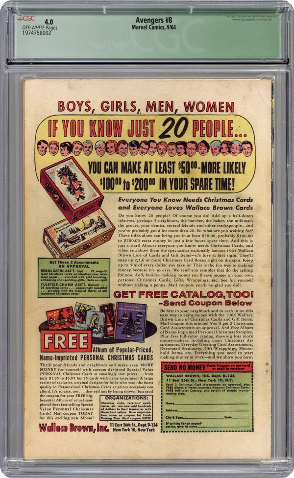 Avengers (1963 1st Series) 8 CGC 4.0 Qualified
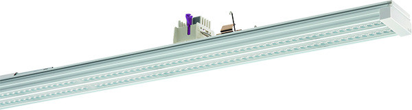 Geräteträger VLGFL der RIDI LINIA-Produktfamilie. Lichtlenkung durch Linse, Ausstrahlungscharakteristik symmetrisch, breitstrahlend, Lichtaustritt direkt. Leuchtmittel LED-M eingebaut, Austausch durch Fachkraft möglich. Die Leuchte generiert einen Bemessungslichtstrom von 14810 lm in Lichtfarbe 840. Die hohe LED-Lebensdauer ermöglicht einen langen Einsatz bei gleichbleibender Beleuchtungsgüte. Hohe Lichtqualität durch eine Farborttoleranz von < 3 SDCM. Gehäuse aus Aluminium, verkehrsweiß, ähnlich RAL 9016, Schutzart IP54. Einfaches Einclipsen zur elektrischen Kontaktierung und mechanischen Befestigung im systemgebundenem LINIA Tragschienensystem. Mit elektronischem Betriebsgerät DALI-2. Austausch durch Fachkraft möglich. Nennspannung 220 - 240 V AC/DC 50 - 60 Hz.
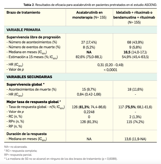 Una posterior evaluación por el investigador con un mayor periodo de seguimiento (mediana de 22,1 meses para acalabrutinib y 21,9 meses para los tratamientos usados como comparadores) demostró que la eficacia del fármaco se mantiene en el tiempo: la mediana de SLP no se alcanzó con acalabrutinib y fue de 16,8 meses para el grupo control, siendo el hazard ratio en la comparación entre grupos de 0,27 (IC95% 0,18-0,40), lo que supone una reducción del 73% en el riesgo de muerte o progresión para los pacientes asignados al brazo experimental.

--

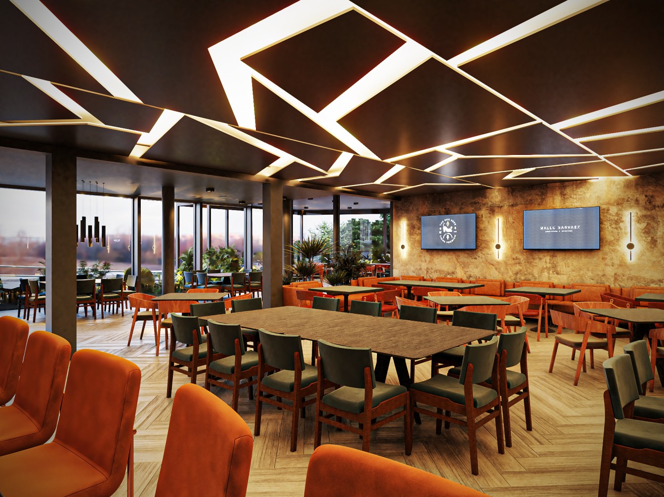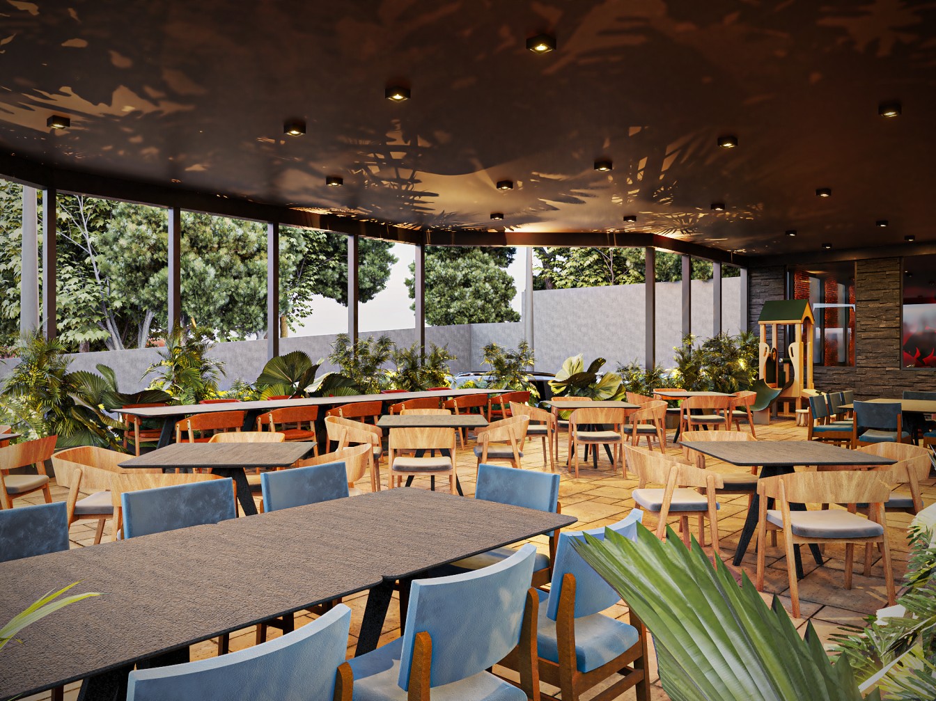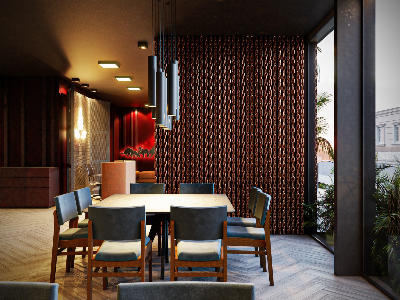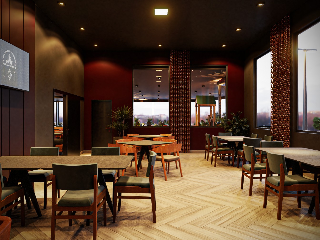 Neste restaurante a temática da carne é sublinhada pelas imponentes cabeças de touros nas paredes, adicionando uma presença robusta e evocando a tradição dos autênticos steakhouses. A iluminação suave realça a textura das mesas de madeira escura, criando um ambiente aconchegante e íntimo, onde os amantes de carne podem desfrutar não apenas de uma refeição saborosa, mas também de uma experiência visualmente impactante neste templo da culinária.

- Problem to work on: Print an exact copy of the lines above, from the one containing "Avengers (1963 1st" through the one containing "Una posterior evaluación", and leave out the pictures.

- Your solution:
 Avengers (1963 1st Series) 8 CGC 4.0 Qualified
 Geräteträger VLGFL der RIDI LINIA-Produktfamilie. Lichtlenkung durch Linse, Ausstrahlungscharakteristik symmetrisch, breitstrahlend, Lichtaustritt direkt. Leuchtmittel LED-M eingebaut, Austausch durch Fachkraft möglich. Die Leuchte generiert einen Bemessungslichtstrom von 14810 lm in Lichtfarbe 840. Die hohe LED-Lebensdauer ermöglicht einen langen Einsatz bei gleichbleibender Beleuchtungsgüte. Hohe Lichtqualität durch eine Farborttoleranz von < 3 SDCM. Gehäuse aus Aluminium, verkehrsweiß, ähnlich RAL 9016, Schutzart IP54. Einfaches Einclipsen zur elektrischen Kontaktierung und mechanischen Befestigung im systemgebundenem LINIA Tragschienensystem. Mit elektronischem Betriebsgerät DALI-2. Austausch durch Fachkraft möglich. Nennspannung 220 - 240 V AC/DC 50 - 60 Hz.
 Una posterior evaluación por el investigador con un mayor periodo de seguimiento (mediana de 22,1 meses para acalabrutinib y 21,9 meses para los tratamientos usados como comparadores) demostró que la eficacia del fármaco se mantiene en el tiempo: la mediana de SLP no se alcanzó con acalabrutinib y fue de 16,8 meses para el grupo control, siendo el hazard ratio en la comparación entre grupos de 0,27 (IC95% 0,18-0,40), lo que supone una reducción del 73% en el riesgo de muerte o progresión para los pacientes asignados al brazo experimental.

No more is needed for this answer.